The Story
Why it exists.
Cathleen Cardinali built this fragrance around a specific tension. Cardamom and raspberry open it, sweet and bright, then ylang-ylang blooms into something almost too warm, almost too much, held in check only by amber and cedar at the base. It's a scent that knows what it wants. Named for a year that still means something, this fragrance carries weight without explaining itself. The cardamom at the start is assertive, sharp enough to announce itself clearly before the softer notes arrive. Raspberry moves in next, bringing a tart fruitiness that balances the spice. Ylang-ylang deepens the heart, adding a floral richness that could easily tip into sweetness, but amber and cedar keep it grounded.

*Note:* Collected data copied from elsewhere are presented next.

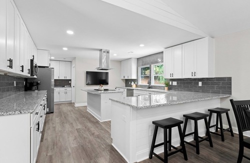 thoughtfully updated from top to bottom, this modern ranch with a fully finished basement was made with entertaining in mind The main level greets you with an open-concept living space where the kitchen, dining area, and living room flow seamlessly together. The fully stocked kitchen is a dream for home chefs, featuring all the tools you need to prep meals for the whole crew. While meals are cooking, guests can pull up a seat at the kitchen island, which offers seating for four and lake views to match.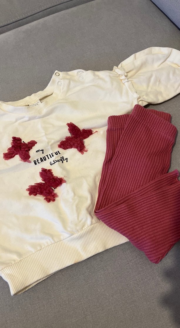 Nakışlı pembe kelebek detaylı beyaz uzun kollu üst ve yumuşak pembe fitilli pantolondan oluşan bebek kız takımı.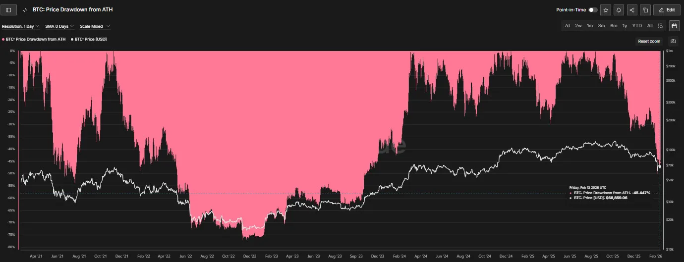 According to data from Glassnode, as of 14 February 2026, Bitcoin is down 44% from its last all time high. This may seem intense but relatively speaking, it is a much smaller decline than seen in previous cycles.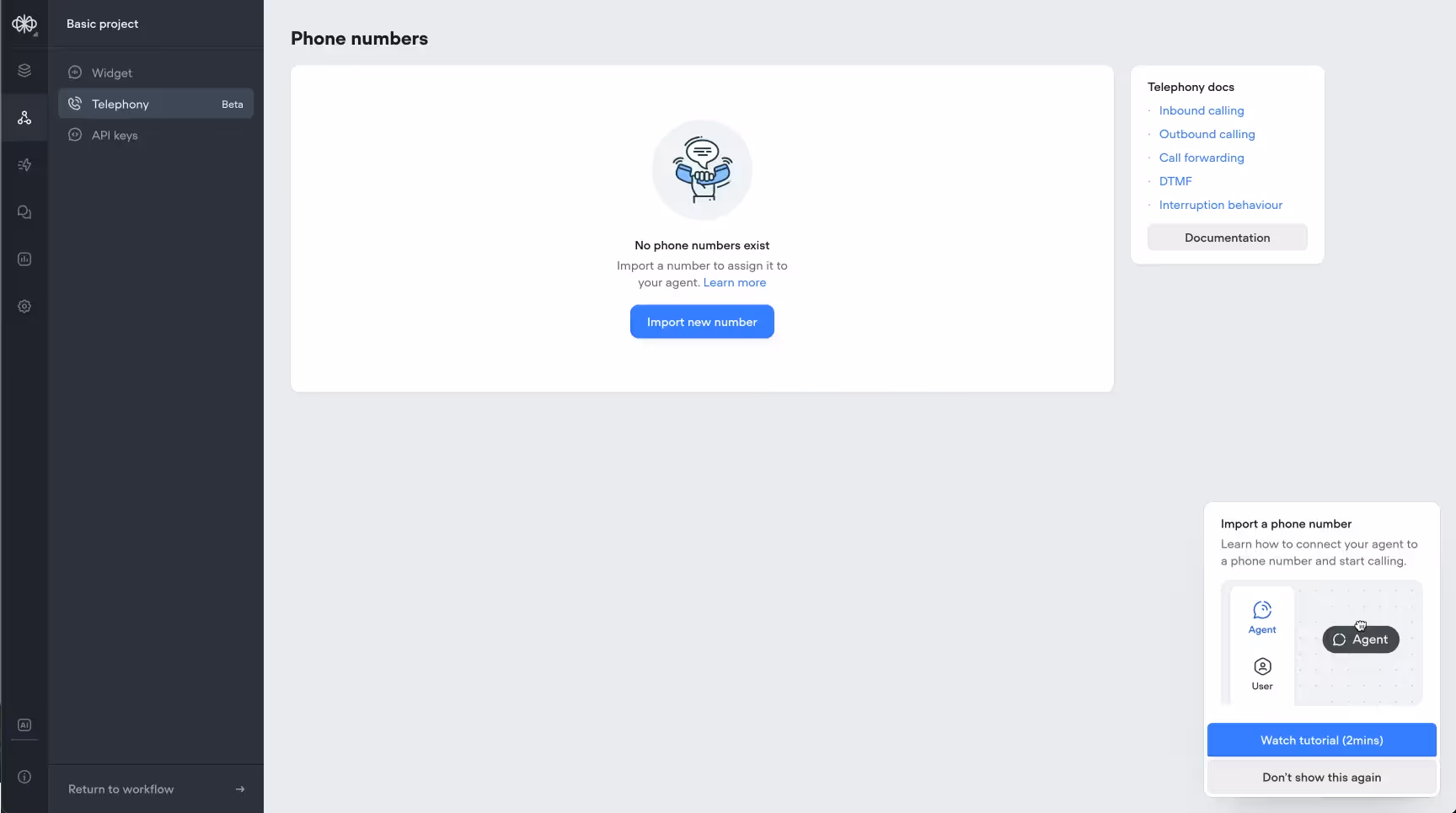 If you plan to deploy your voice agent to be reachable via a phone number, you need to connect a number. You can also build an AI voice chat for other channels such as Discord, WhatsApp, and more.

It's composition with clear intent, built to linger in memory even when it's no longer on skin.
If this were a song
Community picks
Stairway to Heaven
Led Zeppelin
The Beginning
Cathleen Cardinali built this fragrance around a specific tension. Cardamom and raspberry open it, sweet and bright, then ylang-ylang blooms into something almost too warm, almost too much, held in check only by amber and cedar at the base. It's a scent that knows what it wants. Named for a year that still means something, this fragrance carries weight without explaining itself. The cardamom at the start is assertive, sharp enough to announce itself clearly before the softer notes arrive. Raspberry moves in next, bringing a tart fruitiness that balances the spice. Ylang-ylang deepens the heart, adding a floral richness that could easily tip into sweetness, but amber and cedar keep it grounded. It's composition with clear intent, built to linger in memory even when it's no longer on skin.

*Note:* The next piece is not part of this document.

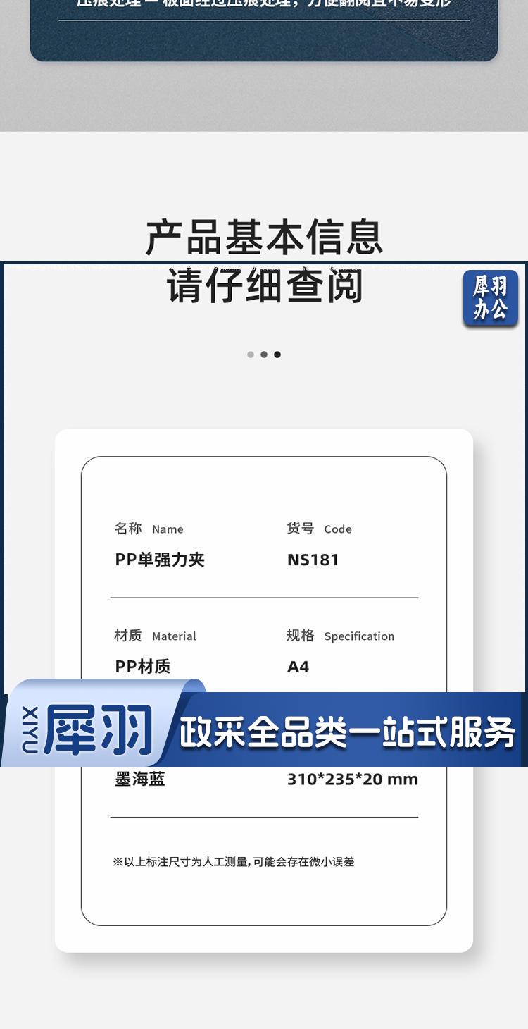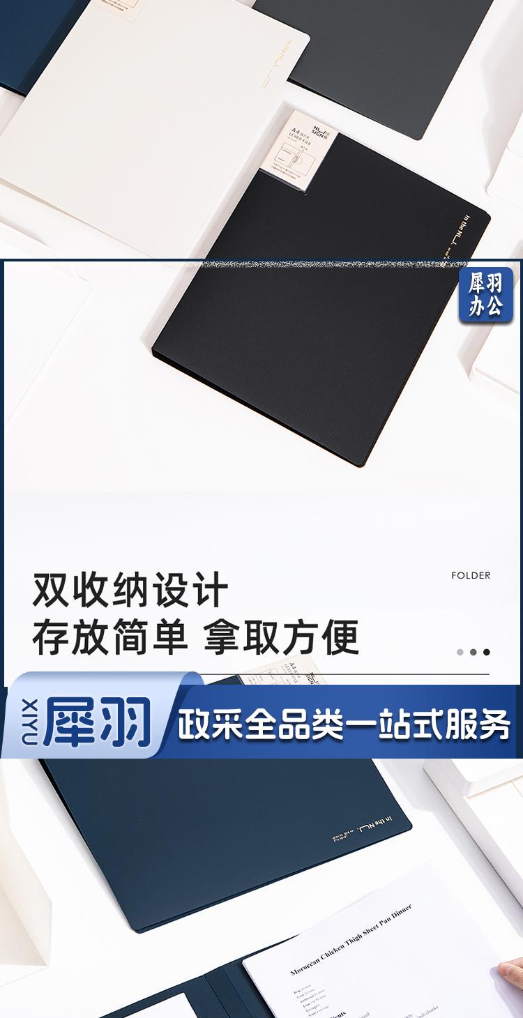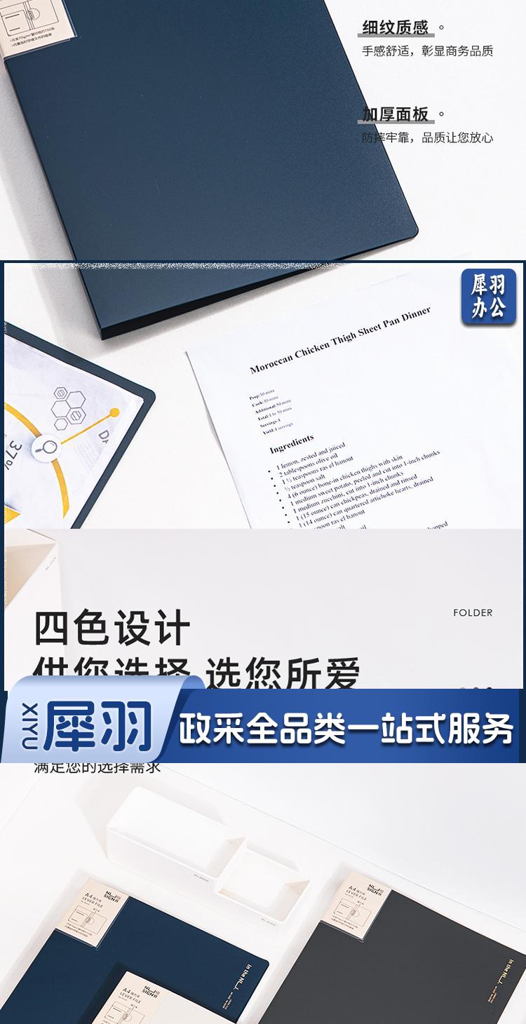 纽赛(NUSIGN)文件夹会议夹 单强力夹加厚资料报告商务板夹文件收纳办公用品 海军蓝NS181

The pairing of raspberry with ylang-ylang is unusual, fruit and narcotic floral, sweet and heady in equal measure. Whisky, 1969 lets them breathe together, which is the whole point. The bourbon whiskey in the base doesn't smell like a glass. It reads more like the warmth left in a room after people have been drinking and arguing and not sleeping. Cedar and amber hold it together. The cardamom in the opening is sharp enough to cut through, which is why the heart never becomes just sweetness. It's a composition that could easily collapse into something one-dimensional. It doesn't.
The Evolution
It starts clean. Almost sharp, cardamom and pink pepper, nothing subtle about it. Then within minutes, the raspberry arrives and softens everything, even as the nutmeg keeps things grounded underneath. The ylang-ylang takes its time. It doesn't bloom so much as settle, like heat that doesn't need to announce itself. By the time the drydown arrives, the sweetness has integrated into something resinous and warm. The cedar shows up late. The amber stays. The composition shifts considerably over the wearing period, never letting any single element dominate for long. The heart manages to stay complex without ever tipping into confusion. It's a fragrance that earns attention through balance rather than bombast.
Cultural Impact
Whisky, 1969 has found a loyal following among people who want a fragrance with strong sillage and real presence. Something that shifts considerably over the wearing period. It's not a safe choice, which explains why people who connect with it tend to connect deeply. Whisky, 1969 is among the label's more discussed releases. The fragrance makes no attempt to please everyone, and that refusal is part of its appeal. Those who seek it out are looking for something with character and presence, a scent that announces itself without screaming.
The House
USA · Est. 2019
Thin Wild Mercury is a small-batch indie fragrance brand based in Los Angeles. The label creates gender-neutral scents that draw from the cultural histories of Los Angeles and New York, with most fragrances named after specific years that evoke particular moments in American pop culture. Each scent functions as an olfactory artifact, translating eras, moods, and musical moments into wearable perfume. Founder Cathleen Cardinali approaches fragrance creation with a collector's sensibility, treating each bottle as a time capsule anchored to a specific cultural moment rather than a conventional perfume releases.
If this were a song
Community picks
A jazz club at 2am, warm, slightly smoky, unhurried. The saxophone arrives late and doesn't rush. Something about the amber and cedar in the base of Whisky, 1969 sounds like that: a room that's been warm for hours and has no intention of cooling down.